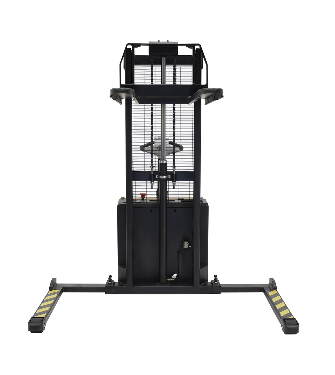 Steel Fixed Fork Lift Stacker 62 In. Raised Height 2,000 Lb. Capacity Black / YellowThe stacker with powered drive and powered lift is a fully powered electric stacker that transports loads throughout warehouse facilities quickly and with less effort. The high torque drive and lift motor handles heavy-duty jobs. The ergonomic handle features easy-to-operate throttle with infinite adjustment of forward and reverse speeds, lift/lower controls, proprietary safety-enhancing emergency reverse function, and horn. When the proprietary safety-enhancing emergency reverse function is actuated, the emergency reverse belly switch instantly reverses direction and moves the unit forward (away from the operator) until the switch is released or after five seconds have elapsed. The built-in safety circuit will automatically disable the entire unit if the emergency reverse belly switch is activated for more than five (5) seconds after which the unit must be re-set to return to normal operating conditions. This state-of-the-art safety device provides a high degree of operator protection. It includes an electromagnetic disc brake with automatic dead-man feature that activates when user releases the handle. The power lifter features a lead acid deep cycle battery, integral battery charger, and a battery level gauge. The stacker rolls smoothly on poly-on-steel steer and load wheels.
════════════════
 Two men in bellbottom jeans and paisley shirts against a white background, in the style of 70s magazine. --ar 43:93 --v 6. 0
════════════════
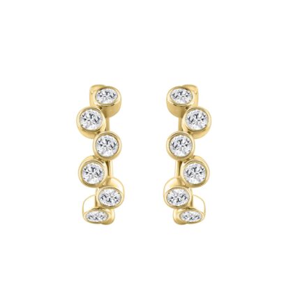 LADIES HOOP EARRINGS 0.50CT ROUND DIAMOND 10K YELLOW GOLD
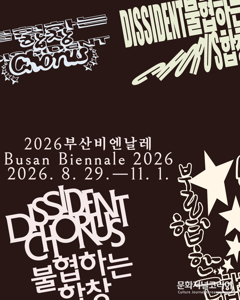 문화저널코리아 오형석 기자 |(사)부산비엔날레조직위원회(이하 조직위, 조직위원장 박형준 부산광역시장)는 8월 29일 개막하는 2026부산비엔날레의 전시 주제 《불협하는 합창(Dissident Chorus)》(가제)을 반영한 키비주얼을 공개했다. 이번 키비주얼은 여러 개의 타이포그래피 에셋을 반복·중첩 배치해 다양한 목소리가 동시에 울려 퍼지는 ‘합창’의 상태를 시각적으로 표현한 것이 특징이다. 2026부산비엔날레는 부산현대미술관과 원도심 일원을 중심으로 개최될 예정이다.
════════════════
**Problem to work on:**
Leave the pictures out, and transcribe exactly the lines above starting at the one that contains "LADIES HOOP EARRINGS" and ending at the one that contains "문화저널코리아 오형석 기자".

**Output of the task:**
 LADIES HOOP EARRINGS 0.50CT ROUND DIAMOND 10K YELLOW GOLD
 문화저널코리아 오형석 기자 |(사)부산비엔날레조직위원회(이하 조직위, 조직위원장 박형준 부산광역시장)는 8월 29일 개막하는 2026부산비엔날레의 전시 주제 《불협하는 합창(Dissident Chorus)》(가제)을 반영한 키비주얼을 공개했다. 이번 키비주얼은 여러 개의 타이포그래피 에셋을 반복·중첩 배치해 다양한 목소리가 동시에 울려 퍼지는 ‘합창’의 상태를 시각적으로 표현한 것이 특징이다. 2026부산비엔날레는 부산현대미술관과 원도심 일원을 중심으로 개최될 예정이다.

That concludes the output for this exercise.